Ahora, a la sombra de nuestra tolerancia nacional, una comunidad indígena ha llegado incluso a la barbaridad de emitir una condena a muerte contra un acusado, del que algunos testigos dicen es inocente. Con ello, la “justicia indígena” ha pisoteado toda la estructura jurídica del Estado ecuatoriano, que ha eliminado y condena expresamente la pena de muerte, y también ha atentado contra el ordenamiento jurídico internacional, del que somos parte.

Pero si los castigos aplicados por ciertas comunidades indígenas son aberrantes, todavía es peor el sistema de investigación previo. Según numerosas denuncias, provenientes de las propias comunidades indígenas, ocurre que alguien es acusado y, sin mayor trámite, es sometido a juicio, sentenciado y castigado por una masa anónima que inventa sanciones y castigos a su gusto y sabor: acá los ortigan y bañan en agua helada, allá los torturan y azotan, acullá los hacen cargar piedras o los condenan a muerte.

En la justicia regular, hay una instancia que investiga el delito (la fiscalía), otra que lo juzga (el juez o corte) y otra que aplica le pena (sistema de rehabilitación social). En la tal justicia indígena, todas estas instancias son una sola y el acusado no tiene derecho a la defensa, ni oportunidad de apelación o de revisión del proceso. Todo se hace en un proceso inmediato, corto, inapelable y definitivo, muchas veces bajo el imperio de la emoción tumultuaria o la venganza colectiva.

Quienes hemos luchado toda la vida contra los abusos de la autoridad y hemos combatido toda forma de maltrato, humillación y tortura a los acusados, no podemos quedarnos impávidos ante estos hechos, que desdicen de una sociedad civilizada. Y el fervoroso etnicismo de la nueva izquierda no puede llevarla a callar ante actos tan aberrantes, que atentan contra una larga historia de luchas de la izquierda en defensa de los derechos humanos.

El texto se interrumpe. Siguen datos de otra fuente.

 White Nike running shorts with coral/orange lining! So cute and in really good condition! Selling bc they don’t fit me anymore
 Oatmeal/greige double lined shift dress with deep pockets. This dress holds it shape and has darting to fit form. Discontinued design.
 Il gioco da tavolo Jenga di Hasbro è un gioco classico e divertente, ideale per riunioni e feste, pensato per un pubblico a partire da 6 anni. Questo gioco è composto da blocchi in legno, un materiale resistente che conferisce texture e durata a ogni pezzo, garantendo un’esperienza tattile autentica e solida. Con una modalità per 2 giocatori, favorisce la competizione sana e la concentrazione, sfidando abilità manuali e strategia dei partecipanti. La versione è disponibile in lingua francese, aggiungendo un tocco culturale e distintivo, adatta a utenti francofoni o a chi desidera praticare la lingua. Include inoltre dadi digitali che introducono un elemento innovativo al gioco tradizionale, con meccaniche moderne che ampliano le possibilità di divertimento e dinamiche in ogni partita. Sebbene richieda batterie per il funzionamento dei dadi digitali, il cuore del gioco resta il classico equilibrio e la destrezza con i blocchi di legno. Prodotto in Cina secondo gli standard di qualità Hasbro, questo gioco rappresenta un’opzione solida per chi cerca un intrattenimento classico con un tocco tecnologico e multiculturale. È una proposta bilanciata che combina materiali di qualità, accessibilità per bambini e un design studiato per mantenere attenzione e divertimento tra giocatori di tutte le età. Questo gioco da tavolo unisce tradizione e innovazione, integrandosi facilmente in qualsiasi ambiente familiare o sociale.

La nueva Constitución, que cedió jurisdicción a las autoridades comunales “para la solución de sus conflictos internos”, señaló también que estas deberían aplicar “normas y procedimientos propios que no sean contrarios a la Constitución y a los derechos humanos reconocidos en instrumentos internacionales”.

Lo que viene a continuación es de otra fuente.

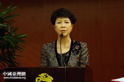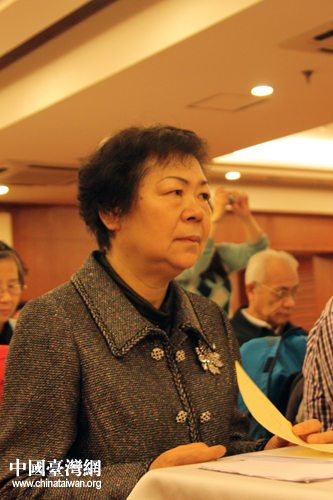 本次征文的獲獎者之一、全國政協委員胡葆琳在頒獎儀式上發表感言。(中國臺灣網 楊麗 攝)
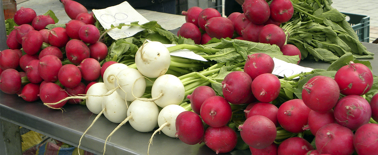 Ezen a héten két korai zöldséget, retket és újhagymát kerestünk a gyulai piacon. Az általunk megkérdezett zöldségárusok legalább húsz-harminc éve foglalkoznak zöldségtermesztéssel – sőt akadt, aki negyven éve árul a piacon – nem véletlen tehát, hogy a tejtermékeket kínáló kofákhoz hasonlóan többségük állandó vevőkörrel rendelkezik.
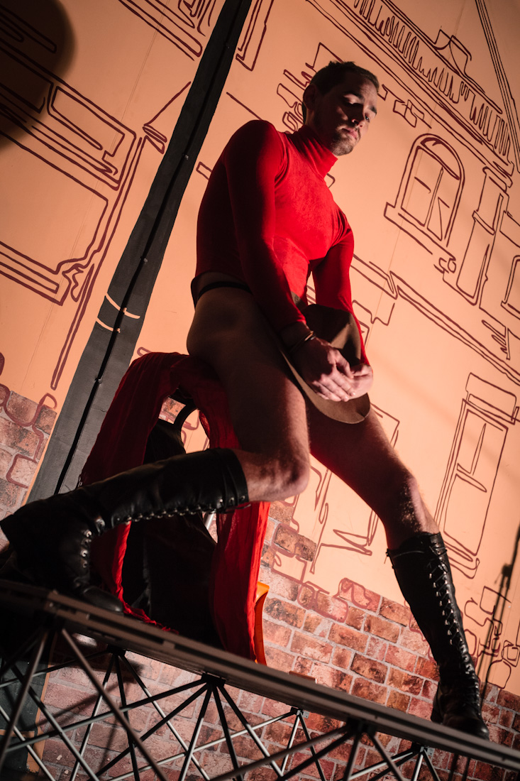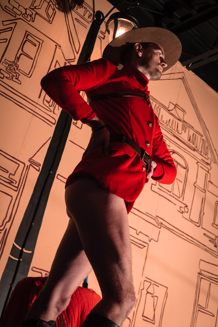 On Friday, April 4th, the devilishly handsome Dew Lily stripped out of a Royal Canadian Mounted Police officer costume. There was deep fried Mars bars on the menu and Stompin' Tom Connors on the playlist. Burlesque stand up comedian Gracie Klutz told Canuck jokes while rocking a toque with short shorts. Oh, Canada!
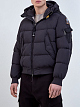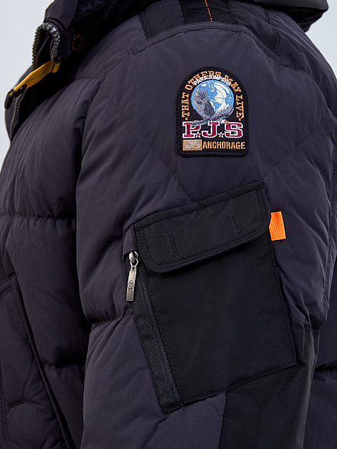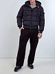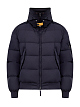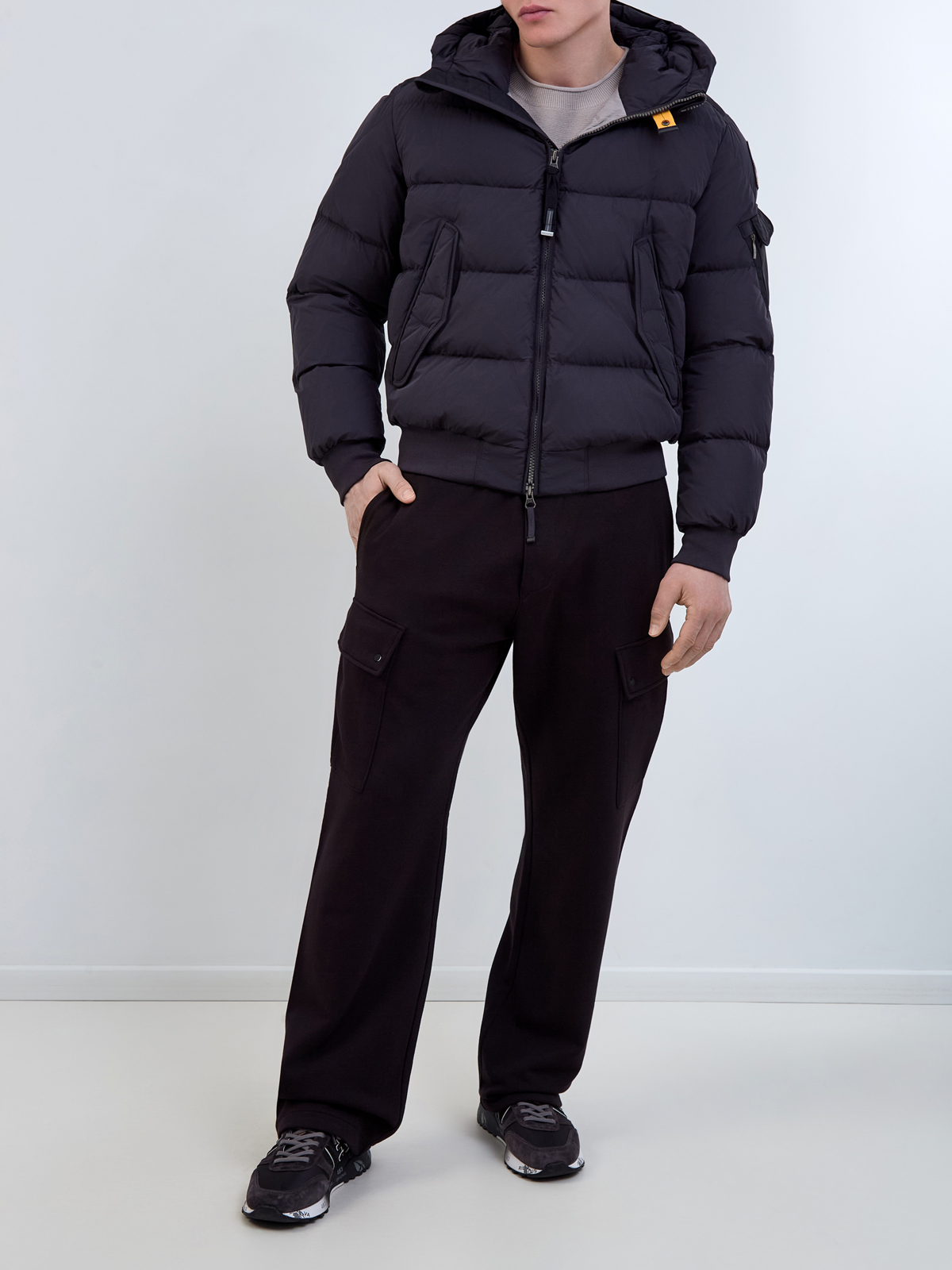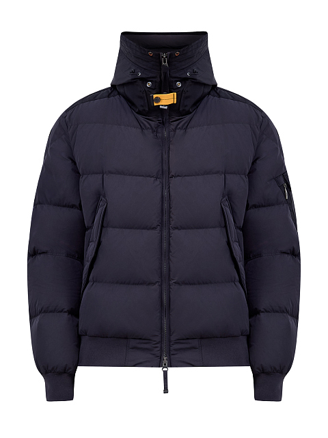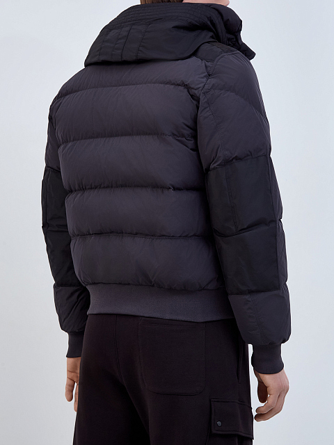 Стеганый пуховик-бомбер с регулируемым капюшоном и нашивкой

Mas, en la práctica, nada de esto se aplica: no juzgan las autoridades comunitarias sino la turba, que muchas veces usa métodos prohibidos por la ley y toma resoluciones contrarias a la Constitución y a los derechos humanos. Y acaba de ocurrir que el Fiscal General, que ha buscado frenar uno de estos actos de barbarie, ha sido secuestrado temporalmente por unos comuneros, que reclaman el derecho de juzgar y castigar sin intervención ninguna del Estado.

Esto tiene que cambiar. El Estado tiene que imponer su autoridad y soberanía en todo el territorio, so pena de que cada grupo étnico o localidad imponga en su región la ley del más fuerte y que en vez de juzgamientos legales tengamos, cada vez más, verdaderos linchamientos.

Parte esencial de la soberanía estatal se expresa en la jurisdicción y la competencia, que en este caso han sido otorgadas, con limitaciones, a las autoridades comunitarias indígenas, cuyas decisiones deben estar “sujetas al control de constitucionalidad”. Sin embargo, ya que nada de esto se cumple, es urgente que los poderes del Estado, particularmente el Legislativo y el Judicial, actúen con decisión y elaboren normas regulatorias y de control para la llamada “justicia indígena”, según el propio mandato constitucional.

La conciencia civilizada y la defensa de los derechos humanos así lo exigen, para bien del país y en especial de los mismos indígenas, cuya imagen colectiva ha quedado gravemente afectada por los desafueros de algunos de ellos.